Regarding parallelism vs concurrency, this is kind of how I think about it (correct me if I'm wrong):

When we are taking an exam in class, all the students are working in parallel because we are working on the exam simultaneously.

If a question has many parts to it, then the student is doing concurrent work because he or she writes the answer to one part at one time. The tasks might be interleaved if the student suddenly thinks of the answer to part 4 while doing part 3 and briefly stops to write down the answer for part 4 before going back to finish part 3's answer.

rsvaidya

I would like to reiterate what Prof. Kavyon said in class about the hypothetical case where one of the two requests blocked the total bandwidth of the network and thus both concurrency and parallelism could not have helped to service both the requests at the same time.
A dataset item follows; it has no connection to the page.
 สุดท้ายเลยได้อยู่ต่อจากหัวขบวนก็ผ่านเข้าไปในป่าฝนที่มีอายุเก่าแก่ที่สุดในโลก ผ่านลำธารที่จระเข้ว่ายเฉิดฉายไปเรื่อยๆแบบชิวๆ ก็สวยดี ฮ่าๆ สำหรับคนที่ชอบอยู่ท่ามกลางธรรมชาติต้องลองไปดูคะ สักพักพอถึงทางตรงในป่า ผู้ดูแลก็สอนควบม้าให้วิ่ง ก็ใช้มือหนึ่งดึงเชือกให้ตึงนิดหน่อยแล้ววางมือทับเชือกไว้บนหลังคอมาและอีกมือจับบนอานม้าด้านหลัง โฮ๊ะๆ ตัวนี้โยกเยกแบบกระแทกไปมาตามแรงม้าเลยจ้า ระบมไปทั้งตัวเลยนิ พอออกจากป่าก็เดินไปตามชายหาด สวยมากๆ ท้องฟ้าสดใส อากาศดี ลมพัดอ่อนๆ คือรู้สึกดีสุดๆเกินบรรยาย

This shows how other factors like the usage of I/O resources, memory also affect the parallelism and concurrency.

boba

I remember the difference as "parallelism is an implementation of concurrency". But not the only one since interleaving can implement concurrency without parallelism.

rc0303

My understanding is that multithreading for the Proxy is meant to prevent blocking, not necessarily to make the program faster, while multithreading in this class is meant to make our programs faster by delegating work to be executed simultaneously by different processors.

shpeefps

In 15-213 we were focused on making sure that all the threads were able to have equal access to the limited resources provided by the single core. However, when we talk about parallel programming we are talking about how to use multiple cores and maximize usage of all available resources to increase performance.

rootB

@bharadwaj, is hyper-threading (or simultaneous multi-threading) parallelism or concurrency? It utilizes one processor only, yet multiple threads can run simultaneously (doing at once). Also, instruction-level parallelism is also one kind of "parallelism". SIMD happens within a single core as well. These are the reasons I'm doubtful about the statement of "a parallel program runs on multiple processors".

bharadwaj

Good point. @paracon already stated what I wanted to say more eloquently.
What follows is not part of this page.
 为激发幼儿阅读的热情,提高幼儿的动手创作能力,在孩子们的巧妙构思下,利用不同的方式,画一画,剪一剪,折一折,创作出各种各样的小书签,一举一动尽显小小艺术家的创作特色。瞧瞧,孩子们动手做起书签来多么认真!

Concurrency gives you tools to deal with parallelism. Parallelism is what we say when more than one instruction is executed at a time. Whether this happens on one processor or multiple processors doesn't actually matter.

jedi

Another important difference is that in proxylab, our goal was to minimise the latency for each task/web request (QoS was measured at a per-request basis).

Most of our work int this course (so far) has focused on reducing latency for a job comprising of a group of tasks. Improving the latency of individual task is less important than completing the entire job as quickly as possible.

Brandon

Concurrency is the ability to run task independently and interleave their execution where as parallel execution regards executing two or more instructions at the same time. Additionaly it has been interesting in this class to see the strong emphisis on perfomance just in terms of time for execution with no regard space efficiency - memory must be so cheap now days =)

jedi

That's true. I don't know how the course progresses, but so far all our working sets have fit comfortably within main memory, and the actual motivation for being space-efficient (so far, in this course) is to remain cache-resident.

With that in mind, we have considered space-efficiency in 2 cases, both with the primary goal of reducing latency: 1. In assignment 2, we tried hard to fit into shared memory to benefit from caching 2. This slide in Lecture 9 describes the superlinear speedup once our scaled out resources have a large enough cache for the entire working set.